Im going to be putting a plow on my 06 1500. I know not the greatest truck for plowing, but i owe to much to trade it in and selling it hasn't been the easiest thing either, so itll have to do for a year or so. I want to strengthen up the front end. I already replaced the front shocks/struts with the monroe quick struts, and put on a 2" leveling kit. I am going to add timbrens when i get the plow, but is there anything esle anyone would recommend doing? and not just with the front end, but i guess the whole truck??? Thanks!


----------



## Banksy (Aug 31, 2005)

I would not put a plow on a truck that I don't want to keep and want to sell. If you are just going to suck it up and keep it for a long time, then go for it. 

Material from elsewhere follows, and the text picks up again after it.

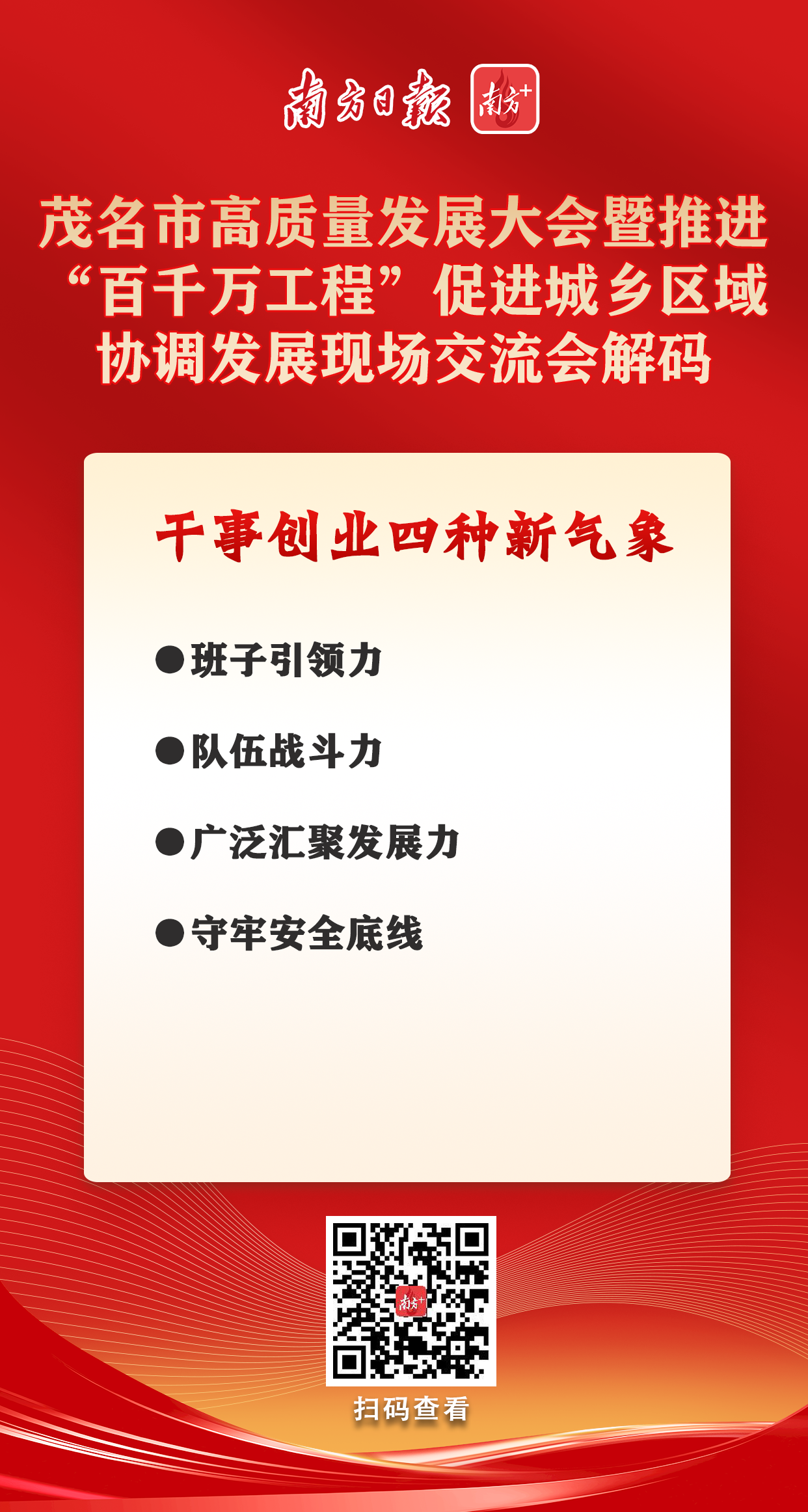 事业成败,关键在人。今年是换届年,茂名明确提出要提振“班子引领力、队伍战斗力、汇聚发展力、守牢安全底线”四种新气象。

Timbrens and ballast. The leveling kit doesn't add any carrying ability unless you just want the look. You could crank the t-bars a little in the winter too.


----------



## 95HDRam (Sep 12, 2011)

^^^
Agreed!! 
If you really want to plow with it go light on the plow and add some good Ballast to the back. Also look into a better trans cooler as that truck wasn't meant to have a plow on it.


----------



## Ngom12 (Nov 9, 2011)

ya, like i said, i know its not ideal for plowing, but its all i have. Plow isn;t going on until next year so hopefully i can sell it, but if not, im going to invest into it and keep it for plowing. 

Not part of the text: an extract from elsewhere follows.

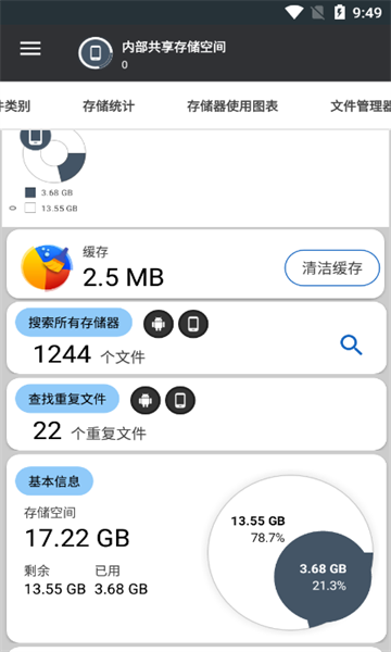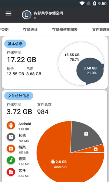 应用程序从设备存储列表中读取文件和文件特定数据(名称、路径、大小、上次修改日期、文件预览),以构建设备统计信息并以报告和文件的形式显示使用图(饼图、旭日图)。

Ballast?? Do you simply mean adding weigh (sand, salt, anything, ect.) to the back, or is there something special? and why is that a big deal? 

Thanks for the help. N trust me, i already know that plowing with a 1/2 ton isn't ideal, but i know it can be done. two of my friends plows with half tons, one even has a 8'2 V on his avalanche lol. Its about 3 inches off the ground haha! but anyways, just looking at a worst case seceniro, what would anyone suggest if i did have to use my 1/2ton for a while.


----------



## 95HDRam (Sep 12, 2011)

Adding ballast (Weight) to the rear will help keep the chassis in balance with the plow on the front. 

Yes plowing with a half ton can be done. I know Meyer, Western, Boss, and Fisher all make plows designed for light Half Ton trucks.


----------



## plowguy43 (Jan 2, 2008)

Ngom12;1383719 said:


> Im going to be putting a plow on my 06 1500. I know not the greatest truck for plowing, but i owe to much to trade it in and selling it hasn't been the easiest thing either, so itll have to do for a year or so. I want to strengthen up the front end. I already replaced the front shocks/struts with the monroe quick struts, and put on a 2" leveling kit. I am going to add timbrens when i get the plow, but is there anything esle anyone would recommend doing? and not just with the front end, but i guess the whole truck??? Thanks!


With your mods you've done, you'll hold a plow just fine. Just be ready for the wear items to go.



Banksy;1383809 said:


> I would not put a plow on a truck that I don't want to keep and want to sell. If you are just going to suck it up and keep it for a long time, then go for it.
> 
> Timbrens and ballast. The leveling kit doesn't add any carrying ability unless you just want the look. *You could crank the t-bars a little in the winter too*.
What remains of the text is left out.